[Exercise]
The answer is the exact run of lines in the listing below from the line containing "Now, its not" up to and including the line containing "않는데 당연히 결혼에", with pictures removed.

[Records shown]
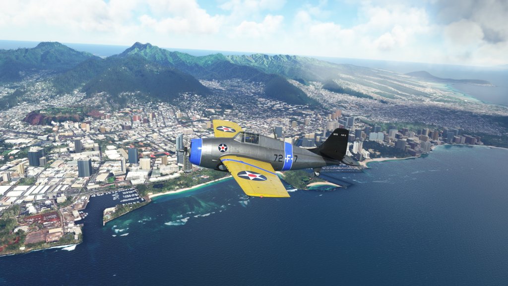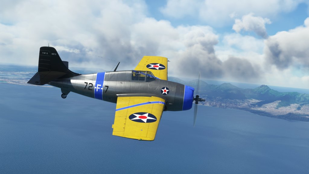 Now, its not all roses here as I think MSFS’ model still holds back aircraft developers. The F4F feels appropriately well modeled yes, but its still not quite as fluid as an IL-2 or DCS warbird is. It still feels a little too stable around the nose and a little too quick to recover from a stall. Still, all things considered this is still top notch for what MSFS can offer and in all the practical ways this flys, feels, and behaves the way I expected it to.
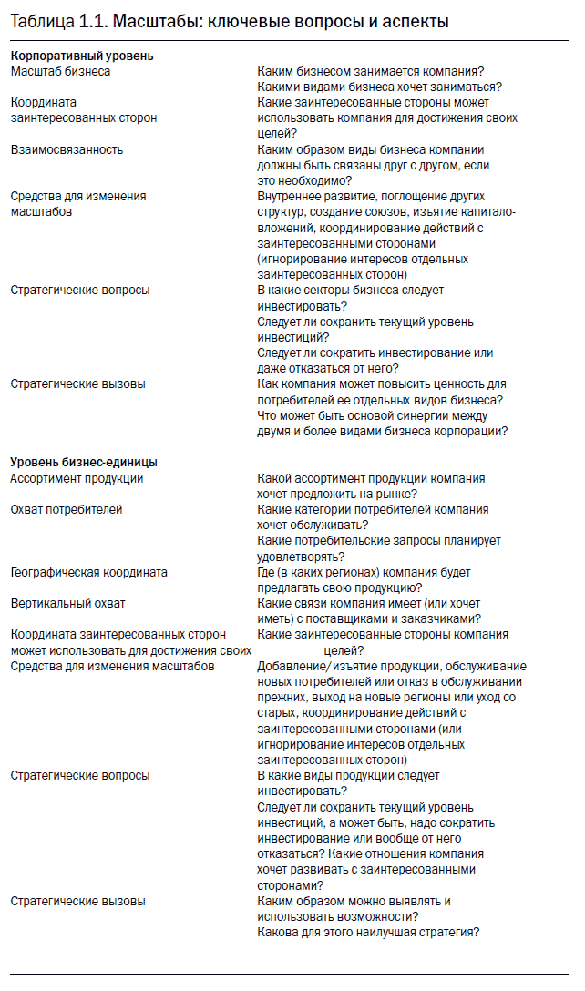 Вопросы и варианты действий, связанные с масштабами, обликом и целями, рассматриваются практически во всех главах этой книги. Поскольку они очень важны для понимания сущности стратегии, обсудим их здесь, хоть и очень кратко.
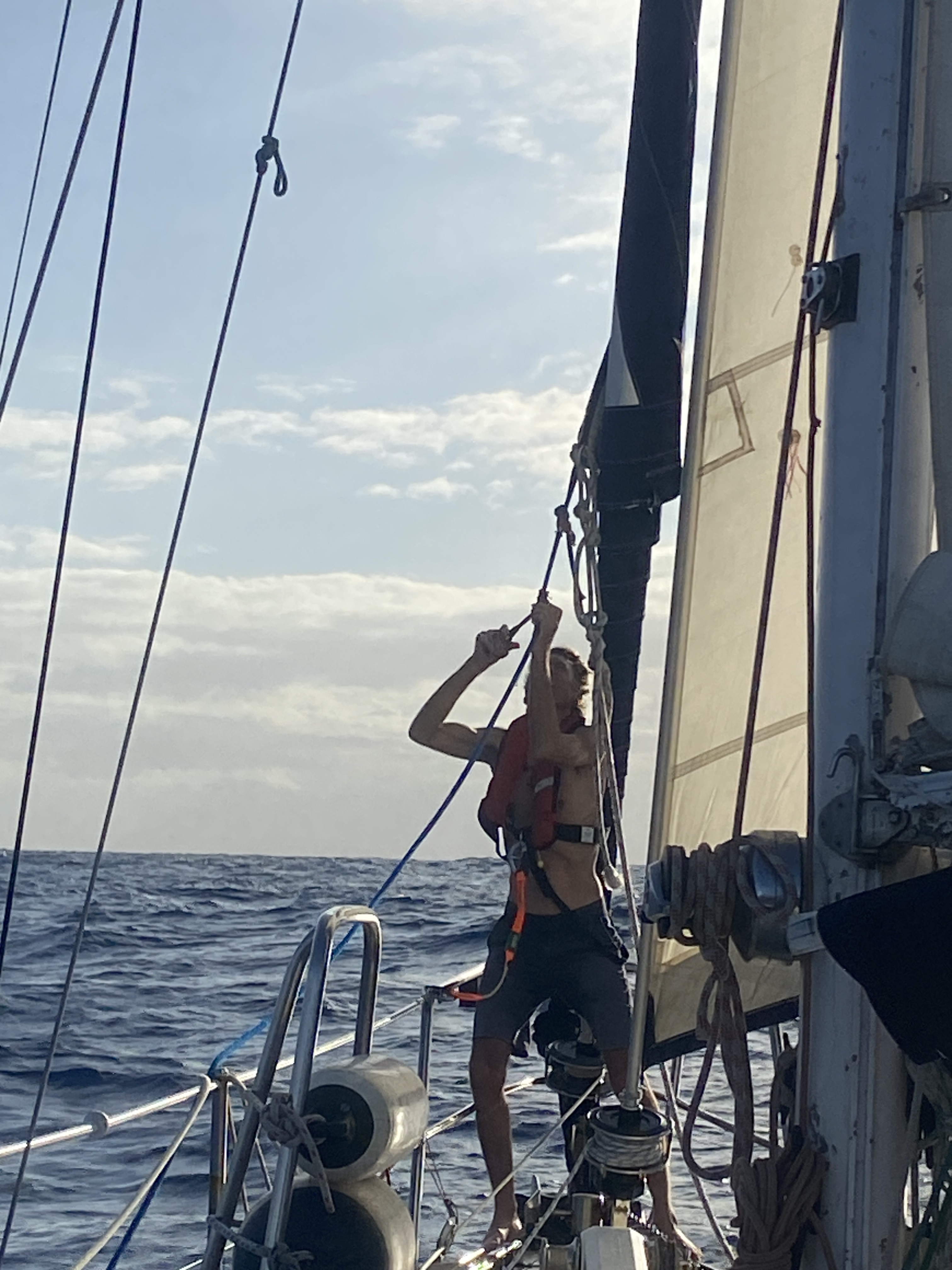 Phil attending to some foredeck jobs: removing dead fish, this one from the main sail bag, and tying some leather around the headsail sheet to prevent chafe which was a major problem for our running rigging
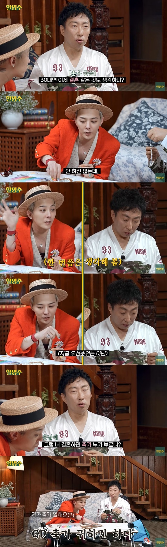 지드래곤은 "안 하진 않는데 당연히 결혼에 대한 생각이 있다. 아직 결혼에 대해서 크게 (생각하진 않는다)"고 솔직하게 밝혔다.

...

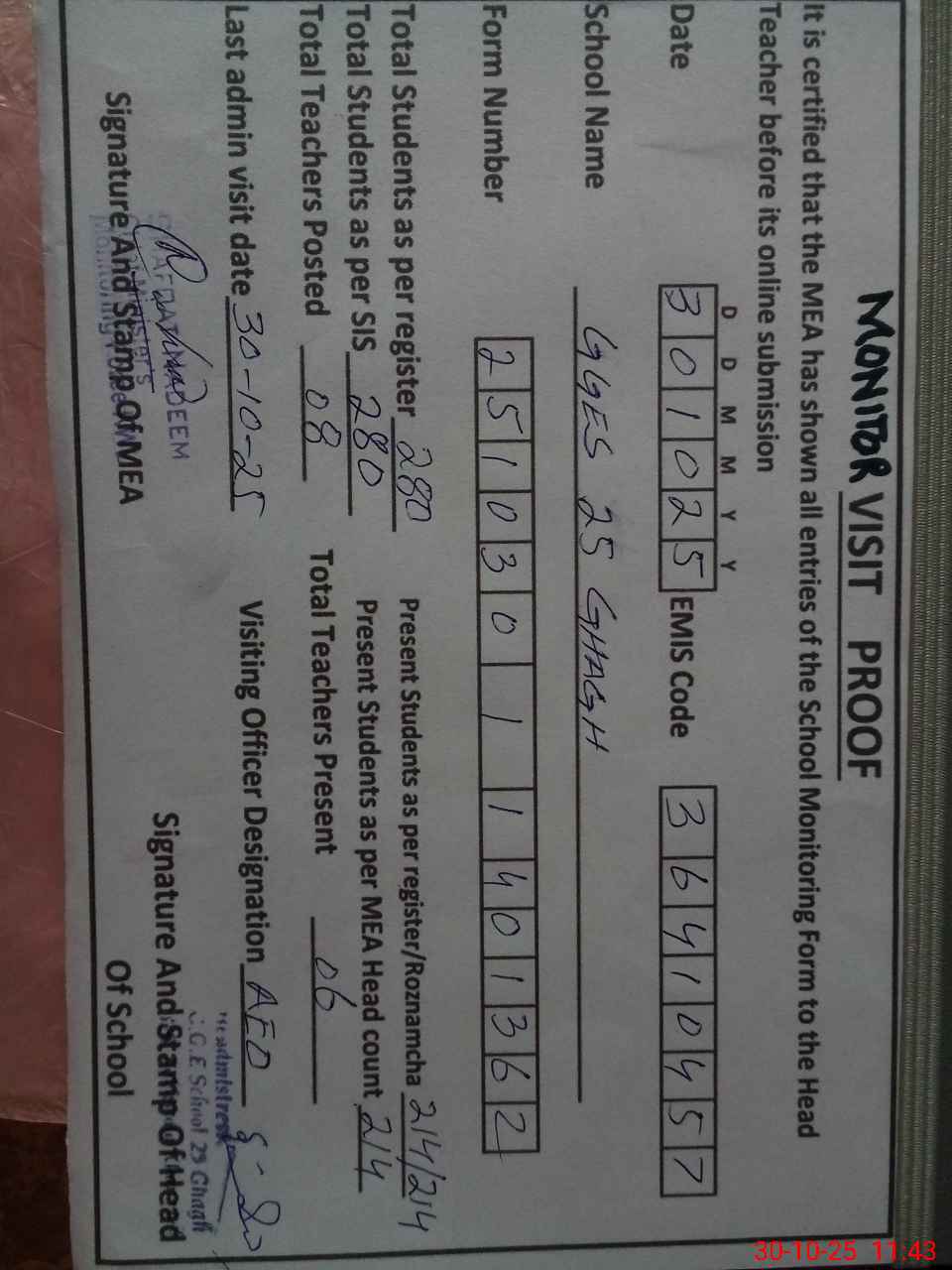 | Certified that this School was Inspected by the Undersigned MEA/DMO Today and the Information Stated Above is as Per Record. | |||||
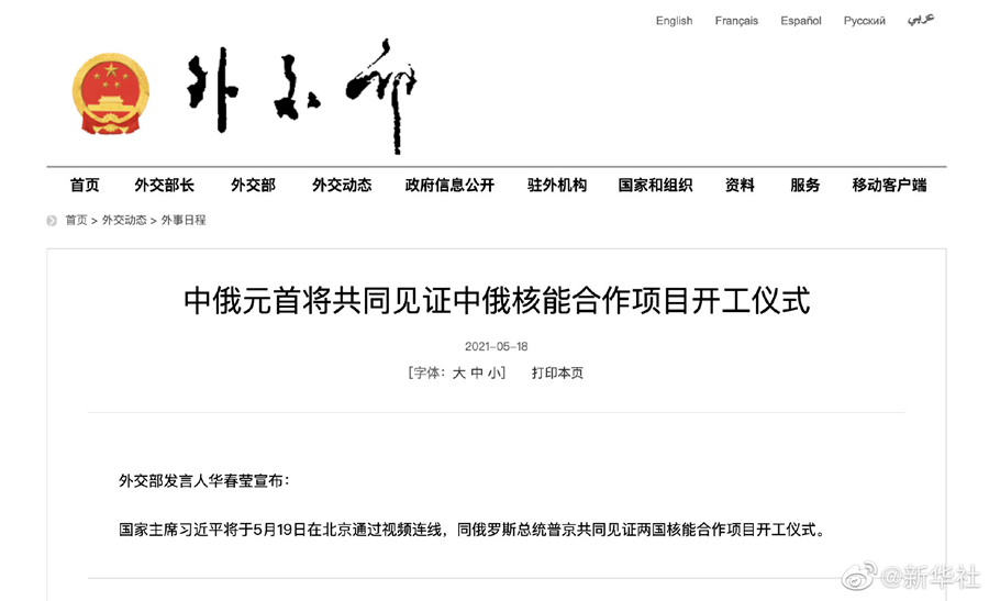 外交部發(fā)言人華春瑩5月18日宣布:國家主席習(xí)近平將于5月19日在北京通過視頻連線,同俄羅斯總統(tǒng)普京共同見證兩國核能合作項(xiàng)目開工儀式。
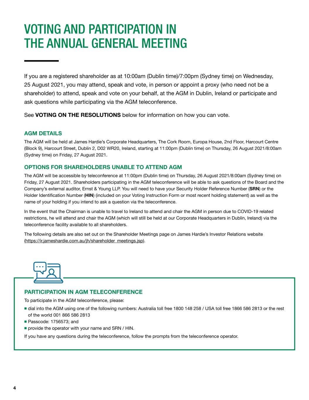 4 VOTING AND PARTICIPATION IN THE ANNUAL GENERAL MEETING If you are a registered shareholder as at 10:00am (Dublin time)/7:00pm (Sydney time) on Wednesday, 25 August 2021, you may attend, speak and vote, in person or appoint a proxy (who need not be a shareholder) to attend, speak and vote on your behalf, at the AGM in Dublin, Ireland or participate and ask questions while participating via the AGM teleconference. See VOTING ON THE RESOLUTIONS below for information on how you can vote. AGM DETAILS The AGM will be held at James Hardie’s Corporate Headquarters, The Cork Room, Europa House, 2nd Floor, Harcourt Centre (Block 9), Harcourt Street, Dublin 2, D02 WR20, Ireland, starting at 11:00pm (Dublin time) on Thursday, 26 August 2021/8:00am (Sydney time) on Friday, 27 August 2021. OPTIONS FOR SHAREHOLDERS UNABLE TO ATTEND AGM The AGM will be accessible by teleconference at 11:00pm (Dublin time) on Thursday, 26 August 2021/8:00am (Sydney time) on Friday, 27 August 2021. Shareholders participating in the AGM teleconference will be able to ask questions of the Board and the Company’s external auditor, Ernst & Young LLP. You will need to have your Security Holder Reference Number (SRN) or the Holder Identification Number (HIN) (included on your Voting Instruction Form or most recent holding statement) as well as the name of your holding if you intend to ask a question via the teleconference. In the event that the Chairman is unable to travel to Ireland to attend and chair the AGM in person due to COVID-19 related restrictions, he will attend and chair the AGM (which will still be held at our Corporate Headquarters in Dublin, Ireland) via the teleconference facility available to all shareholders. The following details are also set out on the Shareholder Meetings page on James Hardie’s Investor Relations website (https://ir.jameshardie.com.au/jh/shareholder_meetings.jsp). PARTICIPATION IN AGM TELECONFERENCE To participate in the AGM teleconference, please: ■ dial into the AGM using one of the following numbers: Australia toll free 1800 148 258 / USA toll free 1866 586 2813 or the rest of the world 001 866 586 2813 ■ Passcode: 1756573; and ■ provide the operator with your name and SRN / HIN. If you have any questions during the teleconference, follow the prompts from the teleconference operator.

--

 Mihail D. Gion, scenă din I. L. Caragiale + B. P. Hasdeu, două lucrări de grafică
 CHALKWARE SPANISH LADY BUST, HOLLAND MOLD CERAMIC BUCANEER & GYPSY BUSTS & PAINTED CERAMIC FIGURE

[Solution for this exercise]
 Now, its not all roses here as I think MSFS’ model still holds back aircraft developers. The F4F feels appropriately well modeled yes, but its still not quite as fluid as an IL-2 or DCS warbird is. It still feels a little too stable around the nose and a little too quick to recover from a stall. Still, all things considered this is still top notch for what MSFS can offer and in all the practical ways this flys, feels, and behaves the way I expected it to.
 Вопросы и варианты действий, связанные с масштабами, обликом и целями, рассматриваются практически во всех главах этой книги. Поскольку они очень важны для понимания сущности стратегии, обсудим их здесь, хоть и очень кратко.
 Phil attending to some foredeck jobs: removing dead fish, this one from the main sail bag, and tying some leather around the headsail sheet to prevent chafe which was a major problem for our running rigging
 지드래곤은 "안 하진 않는데 당연히 결혼에 대한 생각이 있다. 아직 결혼에 대해서 크게 (생각하진 않는다)"고 솔직하게 밝혔다.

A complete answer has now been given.